Raw data:
┌────────

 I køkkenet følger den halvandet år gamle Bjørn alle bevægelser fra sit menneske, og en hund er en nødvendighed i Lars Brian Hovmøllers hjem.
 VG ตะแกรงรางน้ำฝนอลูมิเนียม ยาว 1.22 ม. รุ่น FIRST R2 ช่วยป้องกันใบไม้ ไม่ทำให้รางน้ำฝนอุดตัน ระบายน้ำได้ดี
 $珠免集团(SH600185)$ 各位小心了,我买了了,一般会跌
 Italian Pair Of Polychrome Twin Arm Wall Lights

└────────
┌────────

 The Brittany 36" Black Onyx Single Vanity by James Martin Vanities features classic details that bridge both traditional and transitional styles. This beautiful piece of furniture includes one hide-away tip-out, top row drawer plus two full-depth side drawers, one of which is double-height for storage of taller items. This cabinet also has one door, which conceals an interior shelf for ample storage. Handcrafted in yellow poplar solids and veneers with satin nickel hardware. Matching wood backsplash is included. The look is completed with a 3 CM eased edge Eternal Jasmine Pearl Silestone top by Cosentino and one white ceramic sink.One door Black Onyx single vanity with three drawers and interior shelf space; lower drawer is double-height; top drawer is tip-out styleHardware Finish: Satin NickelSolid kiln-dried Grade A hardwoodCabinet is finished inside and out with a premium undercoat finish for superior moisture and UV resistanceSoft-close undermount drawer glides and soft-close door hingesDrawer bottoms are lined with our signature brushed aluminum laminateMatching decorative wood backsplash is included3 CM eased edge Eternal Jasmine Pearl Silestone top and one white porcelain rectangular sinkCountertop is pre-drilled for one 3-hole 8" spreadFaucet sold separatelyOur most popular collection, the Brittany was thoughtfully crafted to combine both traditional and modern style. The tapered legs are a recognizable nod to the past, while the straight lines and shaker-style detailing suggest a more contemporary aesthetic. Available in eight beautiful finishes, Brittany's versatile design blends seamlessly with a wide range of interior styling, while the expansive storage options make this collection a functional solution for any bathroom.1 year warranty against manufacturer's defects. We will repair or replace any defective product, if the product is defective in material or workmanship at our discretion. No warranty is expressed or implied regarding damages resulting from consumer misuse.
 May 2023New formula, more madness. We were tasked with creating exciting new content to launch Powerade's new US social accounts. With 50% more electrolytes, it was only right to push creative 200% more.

└────────

Exercise prompt:
Reproduce exactly the section above that begins at the line containing "VG ตะแกรงรางน้ำฝนอลูมิเนียม ยาว" and ends at the line containing "Italian Pair Of", leaving out all other lines.

Answer below:
 VG ตะแกรงรางน้ำฝนอลูมิเนียม ยาว 1.22 ม. รุ่น FIRST R2 ช่วยป้องกันใบไม้ ไม่ทำให้รางน้ำฝนอุดตัน ระบายน้ำได้ดี
 $珠免集团(SH600185)$ 各位小心了,我买了了,一般会跌
 Italian Pair Of Polychrome Twin Arm Wall Lights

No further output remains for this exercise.